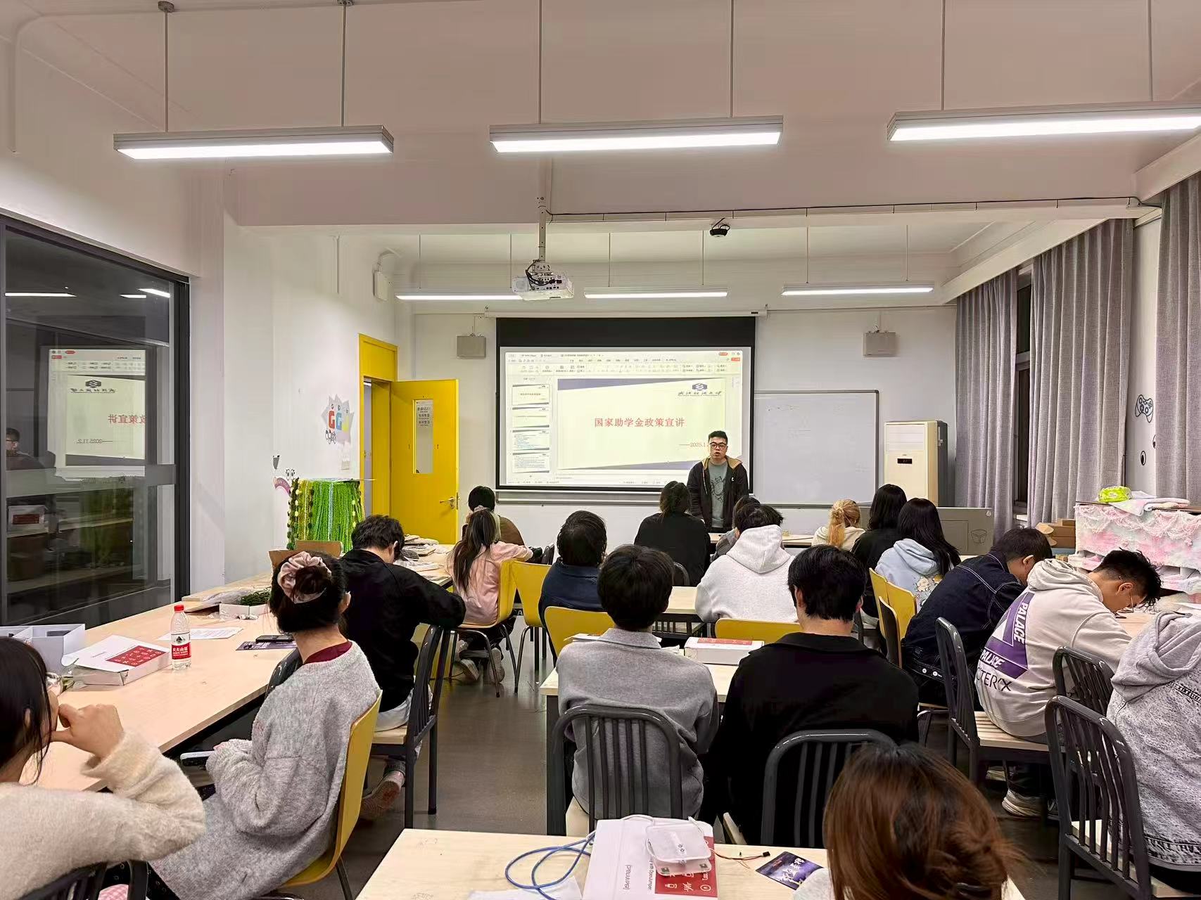 随后,会议重点对本科生攀登奖学金、国家励志奖学金与国家助学金开展政策宣讲,并详细说明“先进班级”“先进个人”评选工作。班主任详细介绍了评选标准与申请条件,并强调诚信的重要性,对存在违纪违规行为、弄虚作假或无故不参加集体活动的学生,将不予批准申请。
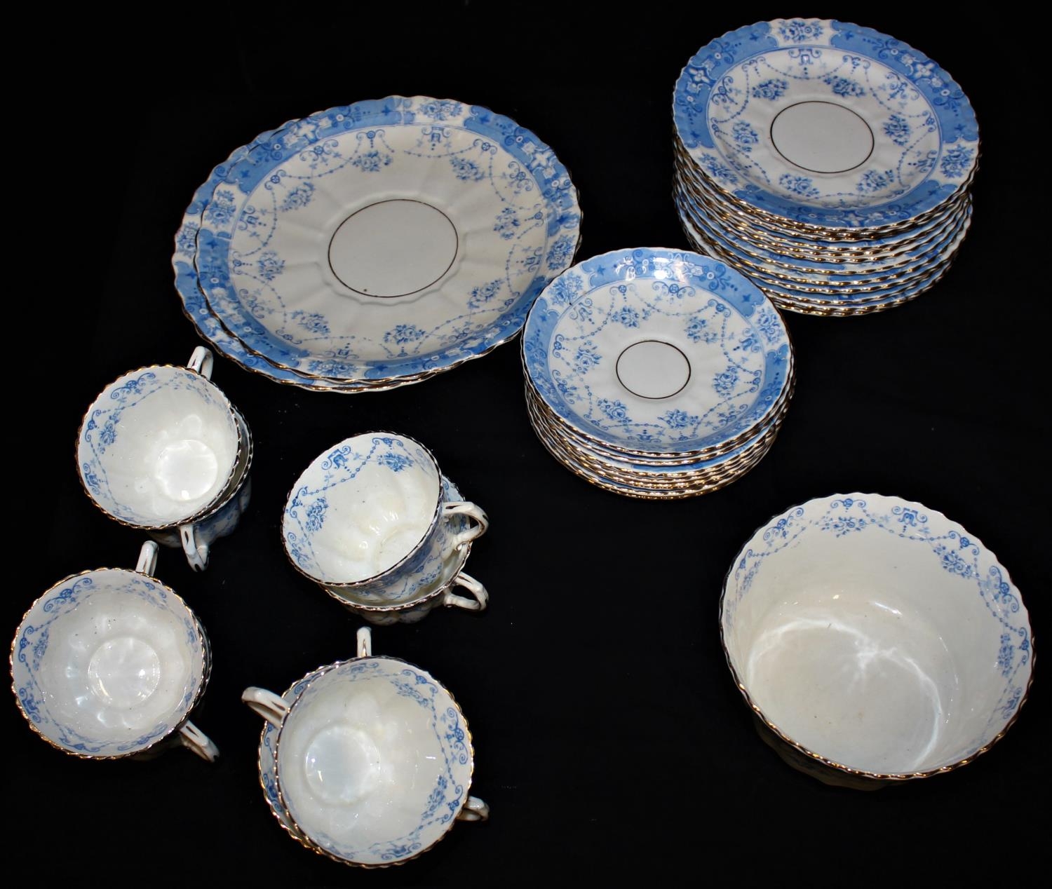 32 PIECES ROYAL ALBERT (2478) BLUE & WHITE PART TEAS SET COMPRISING 9 CUPS, 8 SAUCERS, 12 SIDE PLATES, 2 SANDWICH PLATES & BOWL
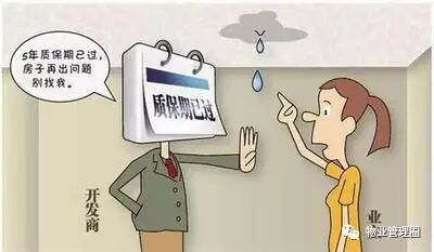 保修期内以及保修期内没修好的房屋裂缝、房屋透寒、烟道漏烟串味、墙面或楼顶防水、卫生间和厨房防水等问题,都是开发商的责任,与物业公司没有关系。
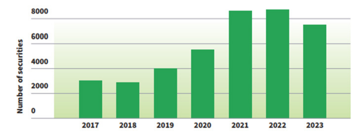 На указанных графиках (рис. 1–3) видно, что объем размещенных ESG и GSS+ облигаций в мире в 2023 году начинает расти, и в 2024 году, предположительно, будем наблюдать стабилизацию или умеренный рост. При этом динамика объема размещенных зеленых облигаций в мире в 2023 году продолжила падение, но мы можем предположить, что в 2024 год у перейдет к умеренному росту.
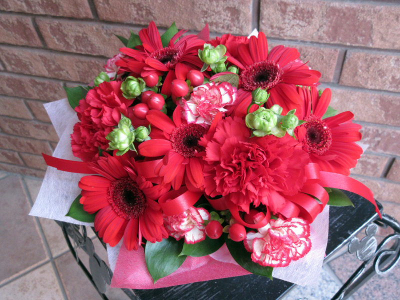 真っ赤な花を集めたアレンジメントです☆お誕生日の贈り物やお祝い事の贈り物にピッタリ♪還暦の贈り物にも喜ばれそうですね!!
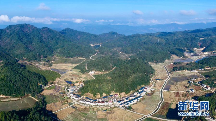 这是11月26日拍摄的以观鸟旅游而闻名的福建省三明市明溪县夏阳乡紫云村生态景观(无人机照片)。

****************************************

Requirement: Copy each line above precisely, dropping the pictures.

Exercise solution:
 随后,会议重点对本科生攀登奖学金、国家励志奖学金与国家助学金开展政策宣讲,并详细说明“先进班级”“先进个人”评选工作。班主任详细介绍了评选标准与申请条件,并强调诚信的重要性,对存在违纪违规行为、弄虚作假或无故不参加集体活动的学生,将不予批准申请。
 32 PIECES ROYAL ALBERT (2478) BLUE & WHITE PART TEAS SET COMPRISING 9 CUPS, 8 SAUCERS, 12 SIDE PLATES, 2 SANDWICH PLATES & BOWL
 保修期内以及保修期内没修好的房屋裂缝、房屋透寒、烟道漏烟串味、墙面或楼顶防水、卫生间和厨房防水等问题,都是开发商的责任,与物业公司没有关系。
 На указанных графиках (рис. 1–3) видно, что объем размещенных ESG и GSS+ облигаций в мире в 2023 году начинает расти, и в 2024 году, предположительно, будем наблюдать стабилизацию или умеренный рост. При этом динамика объема размещенных зеленых облигаций в мире в 2023 году продолжила падение, но мы можем предположить, что в 2024 год у перейдет к умеренному росту.
 真っ赤な花を集めたアレンジメントです☆お誕生日の贈り物やお祝い事の贈り物にピッタリ♪還暦の贈り物にも喜ばれそうですね!!
 这是11月26日拍摄的以观鸟旅游而闻名的福建省三明市明溪县夏阳乡紫云村生态景观(无人机照片)。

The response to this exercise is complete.